Asthma is a very common condition that causes the narrowing and swelling of airways, making it difficult to breathe. These effects may result in coughing, wheezing, and shortness of breath. When this narrowing occurs, the body signals the production of mucus, which can cause obstruction of the airway and increase symptom severity. Asthma and its symptom severity can greatly range, causing a minor nuisance in some, while presenting as a life-threatening condition in others. Because there is no cure for asthma, treatments are focused on controlling the symptoms
Effectively addressing the symptoms of asthma is critical, as these symptoms often interfere with sleep, work, and recreational activities. Even more alarming, asthma may result in permanent narrowing of the bronchial tubes, greatly affecting breathing. To combat the symptoms, healthcare practitioners focus on long-term control and prevention. In prevention, recognizing triggers and taking steps to avoid them is the first step in treatment.

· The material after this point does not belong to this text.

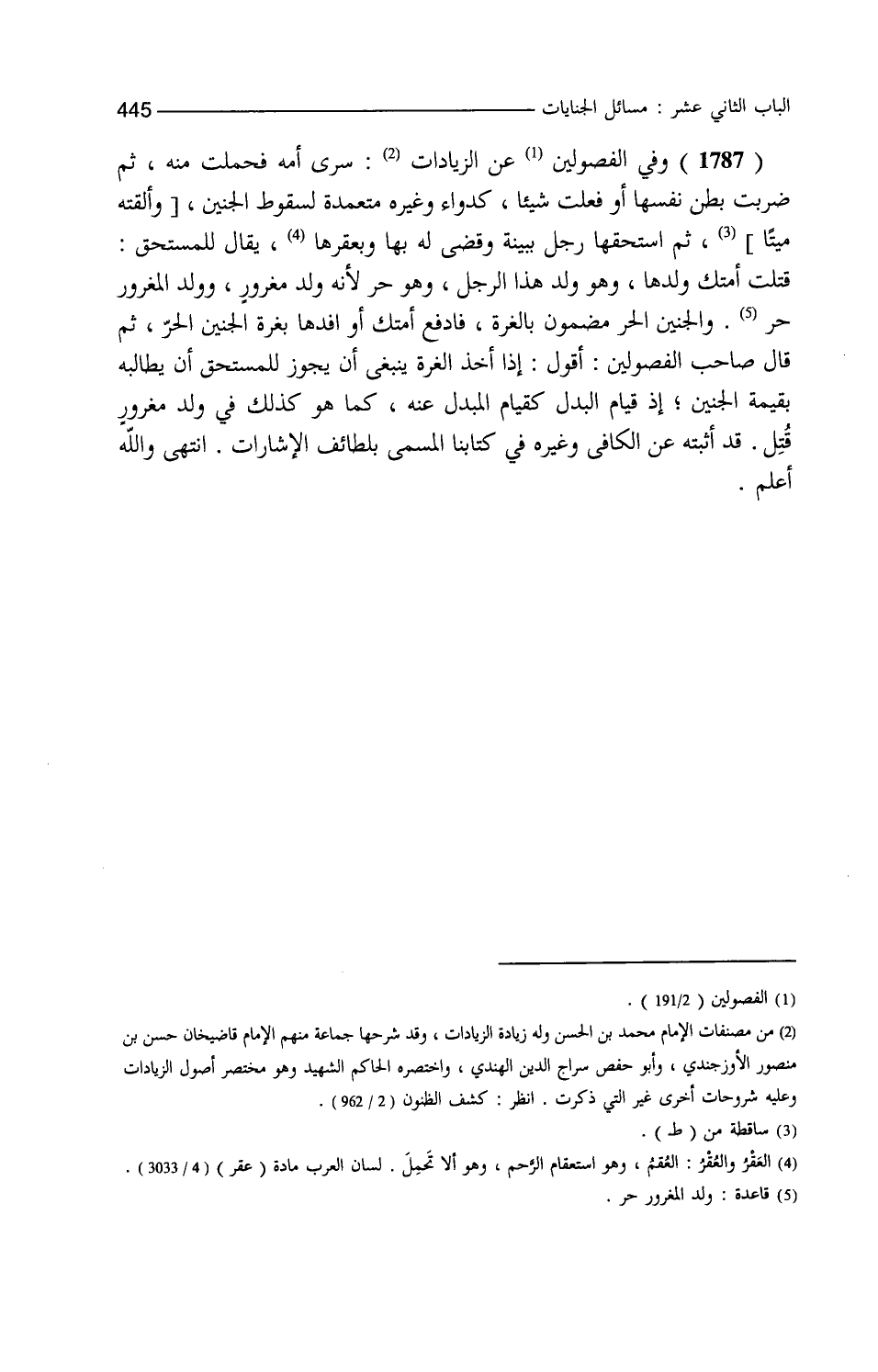 وفي الفصولين عن الزيادات شرى أمة فحملت منه ثم ضربت بطن نفسها أو فعلت شيئا كدواء وغيره متعمدة لسقوط الجنين ثم استحقها رجل ببينة وقضي له بها وبعقرها يقال للمستحق قتلت أمتك ولدها وهو ولد هذا الرجل وهو حر لأنه ولد مغرور وولد المغرور حر والجنين الحر مضمون بالغرة فادفع أمتك أو افدها بغرة الجنين الحر ثم قال صاحب الفصولين أقول إذا أخذ الغرة ينبغي أن يجوز للمستحق أن يطالبه بقيمة الجنين إذ قيام البدل كقيام المبدل عنه كما هو كذلك في ولد مغرور قتل قد أثبته عن الكافي وغيره في كتابنا المسمى بلطائف الإشارات انتهى والله أعلم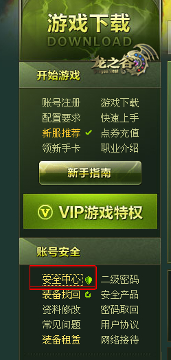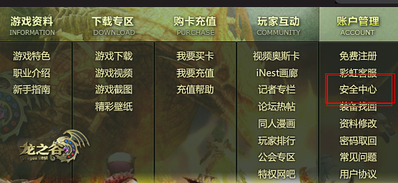进入入口仍然与老版安全中心相同,可以选择《龙之谷》首页左侧“帐号安全”栏目内的“安全中心”,也可以通过首页顶部导航条“账户管理”中的“安全中心”后进入。

Standard medications for asthma patients are guided by: the patient’s age, symptoms, triggers, and other individual data. However, most medications that address long-term, preventative care are targeted at reducing inflammation in the airways. Perhaps the most common treatment route is the inhaled corticosteroid. This kind of treatment is beneficial for sudden flare-ups, and is considered safe for long-term use. Other oral medications for asthma usually can’t be taken with corticosteroids, which may somewhat limit therapy.
Asthma patients often research natural or alternative therapies, usually for use in combination with standard treatment. Serrapeptase has been used for years in the fight against asthma, with its clinical benefits being published in several peer-reviewed journals. One of the best ways that serrapeptase fights asthma, is through its effects on mucus. As a complex, viscoelastic gel, mucus is an important factor in airway defense against foreign pathogens. However, when mucus is over-produced, this gel can obstruct the airway and impair cough clearance. Even more unnerving, having an abundance of mucus can promote recurrent respiratory infection and increase inflammation.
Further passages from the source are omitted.